The renewed levy of tariffs by US President Donald Trump on Canadian and Mexican imports has raised concerns about global trade tensions. Any signs of trade tensions, economic uncertainty and ongoing geopolitical tensions could drive demand for safe-haven currencies like the Swiss Franc (CHF) and create a headwind for USD/CHF.
Worries over US economic growth have boosted expectations that the Federal Reserve (Fed) would deliver at least two rate cuts this year. This, in turn, might cap the upside for the pair. US consumer confidence declined the most since August 2021, falling to 98.3 in February versus 105.3 prior, according to the Conference Board.
Meanwhile, New Home Sales in the US fell by 10.5% MoM to 657,000 units in January from 734,000 units (revised from 698,000) in the previous reading, according to the Commerce Department's Census Bureau on Wednesday. This figure came in weaker than the 680,000 units expected. Investors will closely monitor the US Q4 GDP report, which is due later on Thursday. In case of a stronger-than-expected outcome, this could lift the Greenback.
Swiss Franc FAQs
The Swiss Franc (CHF) is Switzerland’s official currency. It is among the top ten most traded currencies globally, reaching volumes that well exceed the size of the Swiss economy. Its value is determined by the broad market sentiment, the country’s economic health or action taken by the Swiss National Bank (SNB), among other factors. Between 2011 and 2015, the Swiss Franc was pegged to the Euro (EUR). The peg was abruptly removed, resulting in a more than 20% increase in the Franc’s value, causing a turmoil in markets. Even though the peg isn’t in force anymore, CHF fortunes tend to be highly correlated with the Euro ones due to the high dependency of the Swiss economy on the neighboring Eurozone.

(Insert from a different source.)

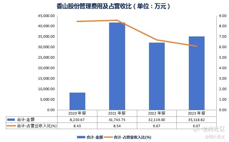 2021至2023年,香山股份销售费用占营业收入比稳定在3.1%-3.5%之间,较2020年及以前明显减少。
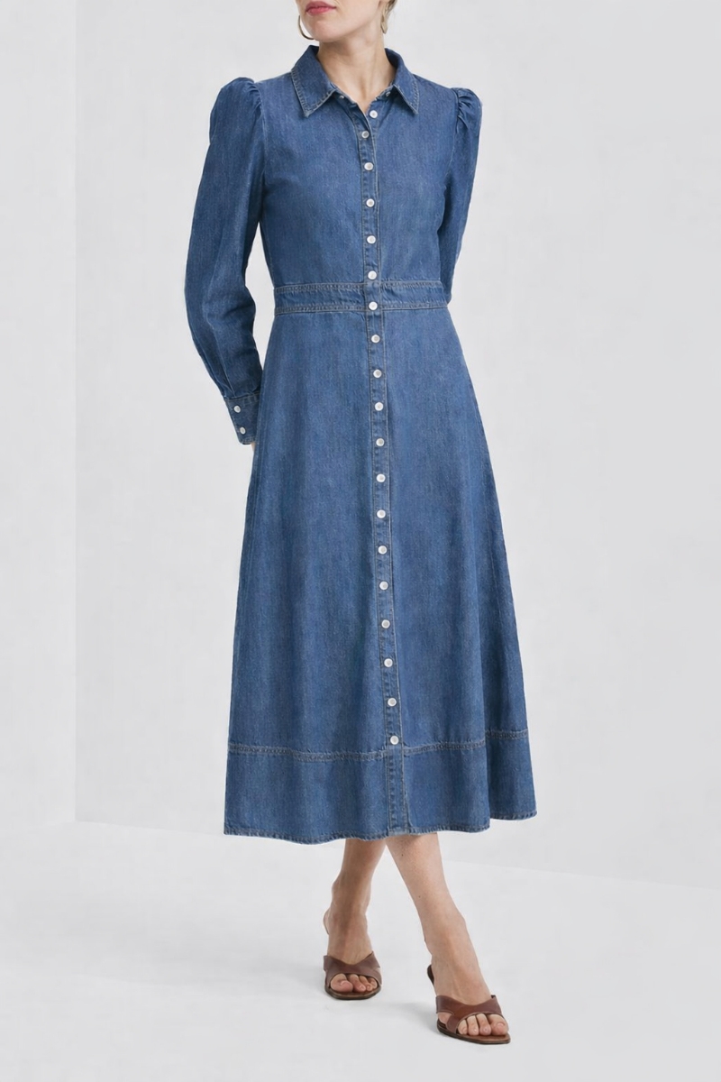 En lekker, tidløs denimkjole som løfter hverdagsgarderoben. Denne nydelige kjolen i fargen French Blue kombinerer et klassisk snitt med byTiMos romantiske signaturstil. Kjolen har en flatterende midi-lengde, elegant skjortekrage og gjennomgående knapping i front som gir et rent uttrykk. De lange ermene har markante puffdetaljer på skuldrene og brede mansjetter som skaper en sterk, men feminin silhuett. Et bredt, innsvinget midjeparti fremhever figuren før skjørtet skråner ut i en vid A-form.

The Swiss Franc (CHF) is considered a safe-haven asset, or a currency that investors tend to buy in times of market stress. This is due to the perceived status of Switzerland in the world: a stable economy, a strong export sector, big central bank reserves or a longstanding political stance towards neutrality in global conflicts make the country’s currency a good choice for investors fleeing from risks. Turbulent times are likely to strengthen CHF value against other currencies that are seen as more risky to invest in.
The Swiss National Bank (SNB) meets four times a year – once every quarter, less than other major central banks – to decide on monetary policy. The bank aims for an annual inflation rate of less than 2%. When inflation is above target or forecasted to be above target in the foreseeable future, the bank will attempt to tame price growth by raising its policy rate. Higher interest rates are generally positive for the Swiss Franc (CHF) as they lead to higher yields, making the country a more attractive place for investors. On the contrary, lower interest rates tend to weaken CHF.
Macroeconomic data releases in Switzerland are key to assessing the state of the economy and can impact the Swiss Franc’s (CHF) valuation. The Swiss economy is broadly stable, but any sudden change in economic growth, inflation, current account or the central bank’s currency reserves have the potential to trigger moves in CHF. Generally, high economic growth, low unemployment and high confidence are good for CHF. Conversely, if economic data points to weakening momentum, CHF is likely to depreciate.
As a small and open economy, Switzerland is heavily dependent on the health of the neighboring Eurozone economies. The broader European Union is Switzerland’s main economic partner and a key political ally, so macroeconomic and monetary policy stability in the Eurozone is essential for Switzerland and, thus, for the Swiss Franc (CHF). With such dependency, some models suggest that the correlation between the fortunes of the Euro (EUR) and the CHF is more than 90%, or close to perfect.